[Catalyst] Re: Private Chained Actions?

Aristotle Pagaltzis pagaltzis at gmx.de
Sun Jun 22 17:56:04 BST 2008


* Jonathan Rockway <jon at jrock.us> [2008-06-22 15:35]:
> * On Fri, Jun 20 2008, Aristotle Pagaltzis wrote:
>> That’s even uglier. Imagine there isn’t just `hello` but half
>> a dozen other methods all sharing the same setup. So the setup
>> code is one or two screens down the source file. Now when you
>> look at `hello` you have absolutely no indication whatsoever
>> that there might be other code running before it.
>
> I guess. But this is Perl, there's never any indication of
> anything. There's no indication that my function is receiving
> arguments of a particular type.

Except, y’know, the code in the method body that’s *right there*.

> There's no indication that my function throws exceptions.

I hope you’re not using exceptions for standard control flow.

> There's no indication that "use Foo" has side effects.

Yes, and that causes no end of intermittent trouble. Ovid had
some recent posts on use.perl about getting bitten hard.

> Even in Catalyst, there is a ton of implicit behavior.
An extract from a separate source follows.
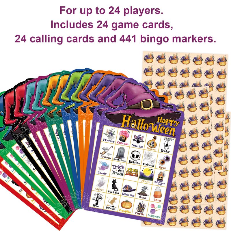 - Package Includes: 24 Halloween bingo game cards, 441 pumpkin bingo card chips, 24 call out cards; 8.6x 5 inches player cards; Easily cut along dotted lines of chips sheets and calling card sheet

There is
> no indication that begin/end/auto applies to my action (at
> least until the action runs).

Except, method modifiers are explicit, not implicit – just
defined at a distance, the way you wrote it. In contrast, if you
use Catalyst you know that there may always be begin/end/auto
actions.

I mean, if you have to write out your intent to modify a method
anyway, why not also put that next to the code that will actually
be affected?

I recommend Schwern’s recent “Skimmable Code” talk.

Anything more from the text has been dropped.